Item #8182 [FEMALE SHARPSHOOTERS] Voroshilovskii strelok [i.e. Voroshilov Shooter] #5 for 1938
[FEMALE SHARPSHOOTERS] Voroshilovskii strelok [i.e. Voroshilov Shooter] #5 for 1938
[FEMALE SHARPSHOOTERS] Voroshilovskii strelok [i.e. Voroshilov Shooter] #5 for 1938

[FEMALE SHARPSHOOTERS] Voroshilovskii strelok [i.e. Voroshilov Shooter] #5 for 1938

Item #8182



Moscow: Zhurgazob’edinenie, 1938. 16 pp.: ill. 29x21,5 cm. In original illustrated wrappers. Slightly rubbed, ink note on back cover, few minor ink stains on front cover, otherwise mint.

An issue of the periodical published in 1929-1940. It was the organ of the All-Union organization ‘Osoaviakhim’ (The Society for the Assistance of Defense, Aircraft and Chemical Construction). It was the successor of Soviet airplane and chemical voluntary societies and located branches all over the country. Through this organization, mass military training was provided for Soviet people starting from the pre-school classes. On October 29, 1932, the Presidium of the Central Council of Osoaviakhim of the USSR approved the creation of the honorary title “Voroshilov Shooter”, and on December 29, 1932, the badge “Voroshilov Shooter”.
Women were equally engaged in military training. Millions of Soviet women got the title and badge of Voroshilov Shooter meaning those women were able to shoot accurately. This issue was printed with two female shooters portrayed in the cover design. The front cover shows a Deputy of the Supreme Soviet of the USSR, shock-worker of the Metro construction, Tatiana Fedorova. In the photo, she is training to shoot from a prone position in a Metrostroi shooting range. This picture is the evidence of military classes held for builders of the Moscow Metro in their spare time.

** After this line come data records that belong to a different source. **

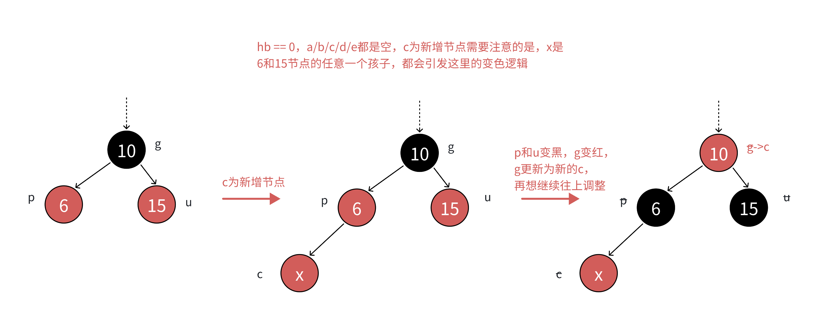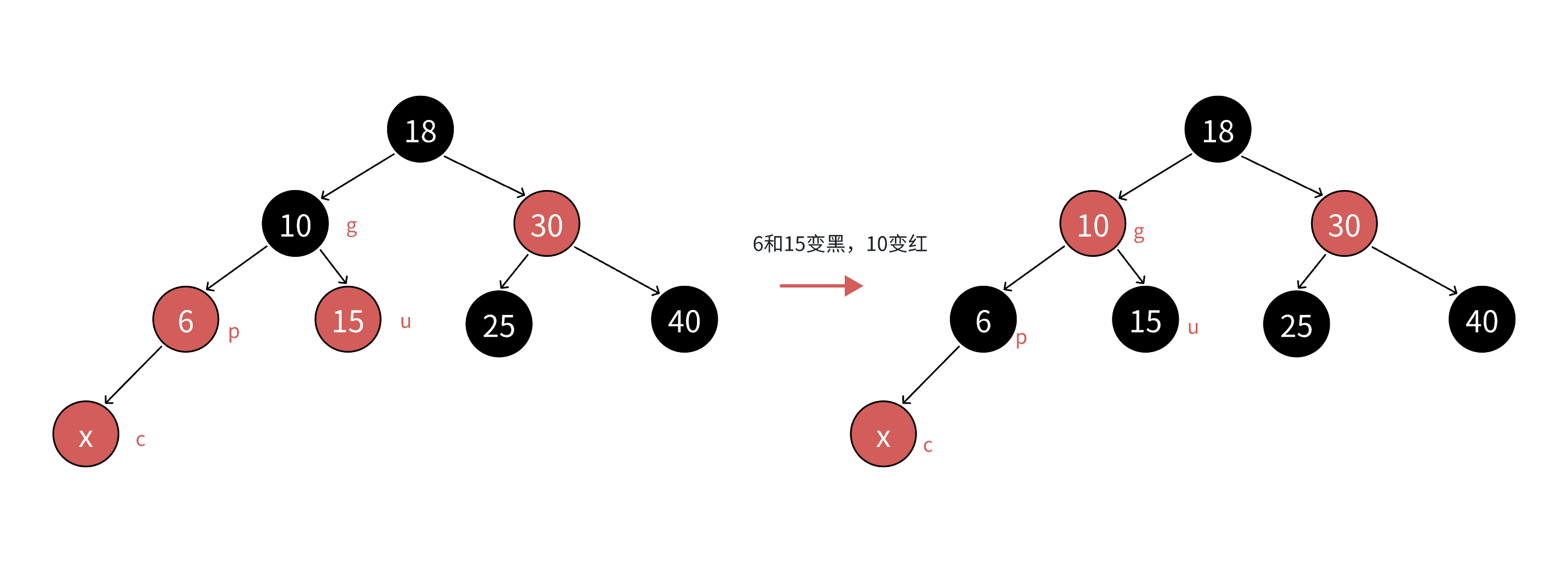 c为红,p为红,g为⿊,u存在且为红,则将p和u变⿊,g变红。在把g当做新的c,继续往上更新。
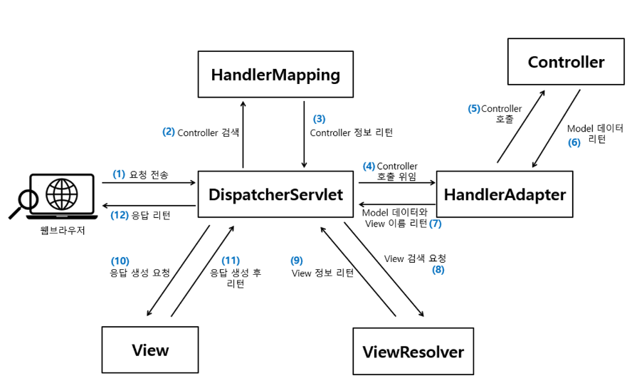 6. Controller의 Handler 메서드는 비즈니스 로직을 처리 완료 후 리턴 받은 Model 데이터를 다시 HandlerAdapter에게 전달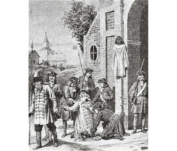 Но не унимался пьяный царь, и оскорбления продолжались. Он стаскивал с бояр русскую одежду, обнажая их тела, что равносильно было страшному бесчестью мужчины и всего рода, и начинал кромсать традиционно длинные подолы и рукава кафтанов. (В январе 1700 года царь узаконит свои бесчинства именным указом, по которому с пеших людей, одетых в русский костюм, на въездных воротах в каждый город брали плату 40 копеек, а с всадника 2 рубля! прим. автора).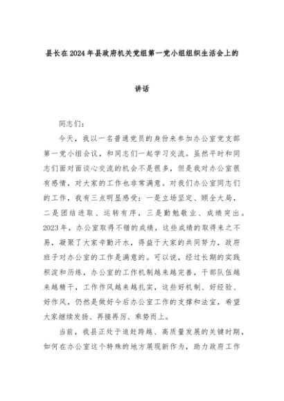 【七哥公文】2024年:县长在2024年县政府机关党组第一党小组组织生活会上的讲话+更多免费公文+VX:QiGeGongWen2024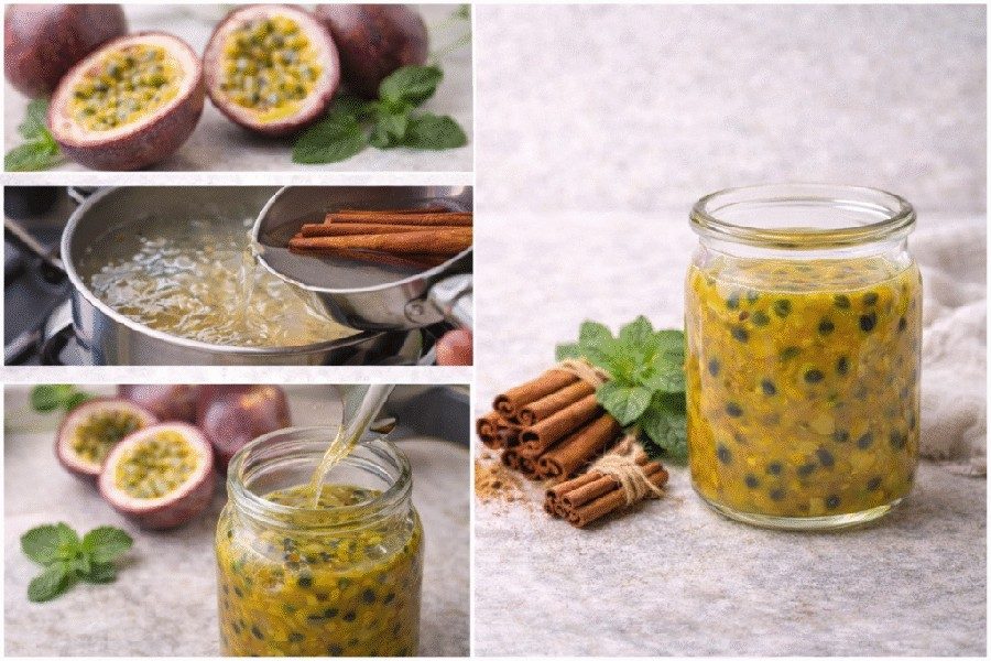 • Añade el jugo de chinola y el jugo de limón al agua hervida, ya retirada del fuego.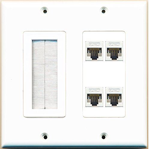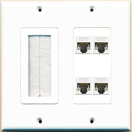 RiteAV (2 Gang Decorative) Mesh-Brush 4 Cat5e White Wall Plate White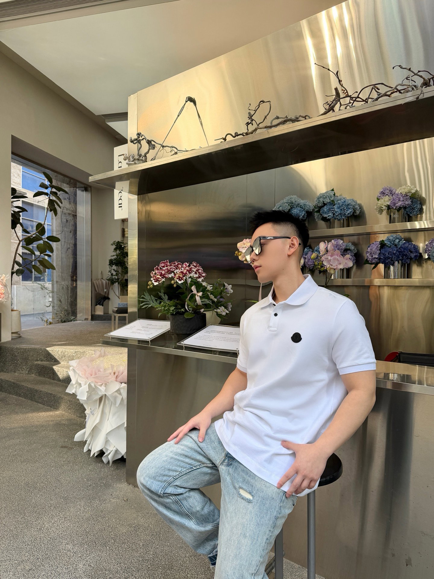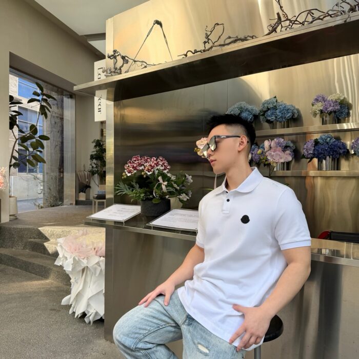 MONCLER logo polo-neck loose T-SHIRT White モンクレール logo polo-ネック ゆったり Tシャツ ホワイト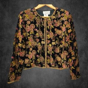 Papell Boutique Floral Embroidered Blazer - Black and Gold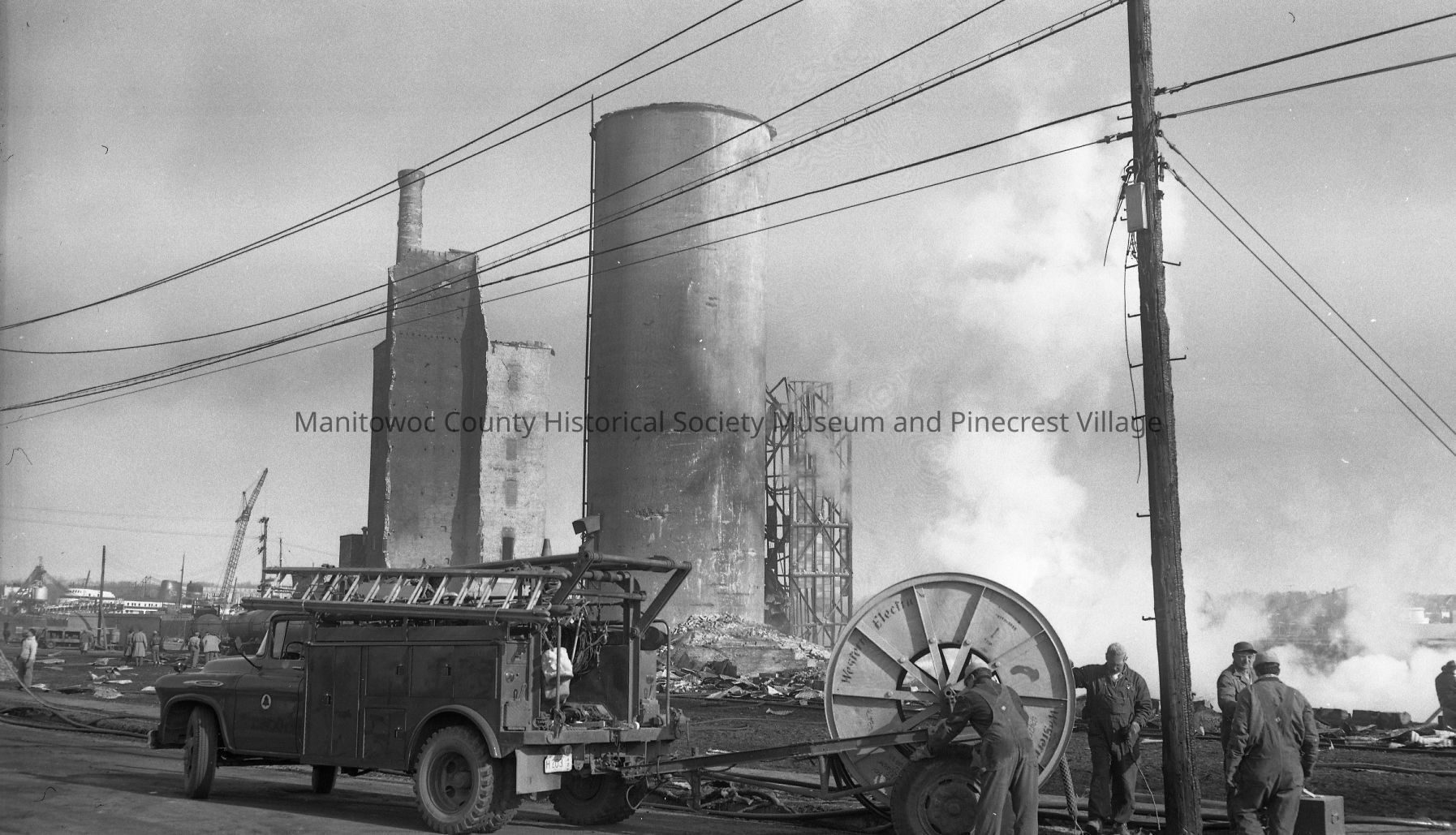 Elevator B fire on South Water Street Manitowoc. This is aftermath looking from South Water Street. Utility crews starting to replace wires. Photograph taken on March 27th, 1962.Made/Created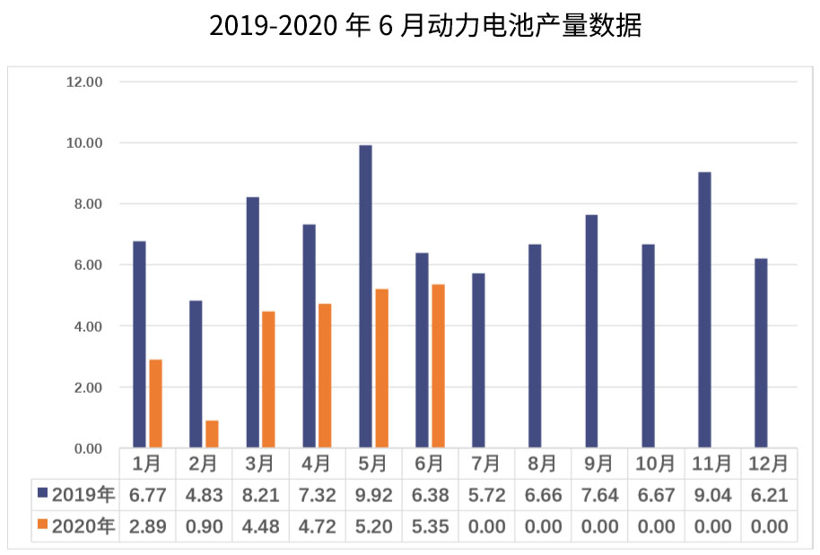 20201-6月,我国动力电池产量累计23.5GWh,同比累计下降

The rear side of the back cover features a Chuvash girl Maria Semenova who studied at evening courses of the Shoe Factory called after Voroshilov in Ufa. She was active in military training, had four Osoaviakhim badges and became a leader of a local Osoaviakhim group.
The issue came out shortly before Women’s Day. The articles cover stories about female shooters in collective farms and factories, where women participated in competitions. School clubs also held shooting competitions and a photograph of a girl team illustrates the text. The issue contains a program of the All-Union shooters’ spartakiade of the USSR that was supposed to be held in the summer of 1938. The first stage was sectionals organized in Soviet republics and autonomous oblasts. It included 300 meter military rifle shooting (standing, kneeling and prone shooting), dueling and 50 meter rifle shooting from a prone position. The second stage was a championship of masters in shooting. There 600 meter shooting was added, as well as Olympic 50 meter pistol shooting. Both stages were held for adult and children’s teams – with reduction of distances for young participants.
At the end, news of specialized clubs at factories and schools announce: “111 teams of enterprises and regional clubs attended all-Moscow shooting competition”, “In Frunze [now Bishkek], courses for shooting instructors have been organized”, “The Semipalatinsk University of Finance and Economics opened a shooting school. There are 30 students, including 8 girls”, and so on.
The rear side of the front cover features a montage on Papanin’s North expedition completed by that time. Portraits of four participants – leader Ivan Papanin, hydrobiologist Pyotr Shirshov, geophysicist Evgenii Fyodorov, radioman Ernst Krenkel – are placed above an illustration of the world’s first manned drifting station in the Arctic Ocean. On February 19, 1938 a Soviet ice breaker took four polar explorers off the station close to the eastern coast of Greenland. They arrived in Leningrad on March 15.

No paper copies are tracked in Worldcat.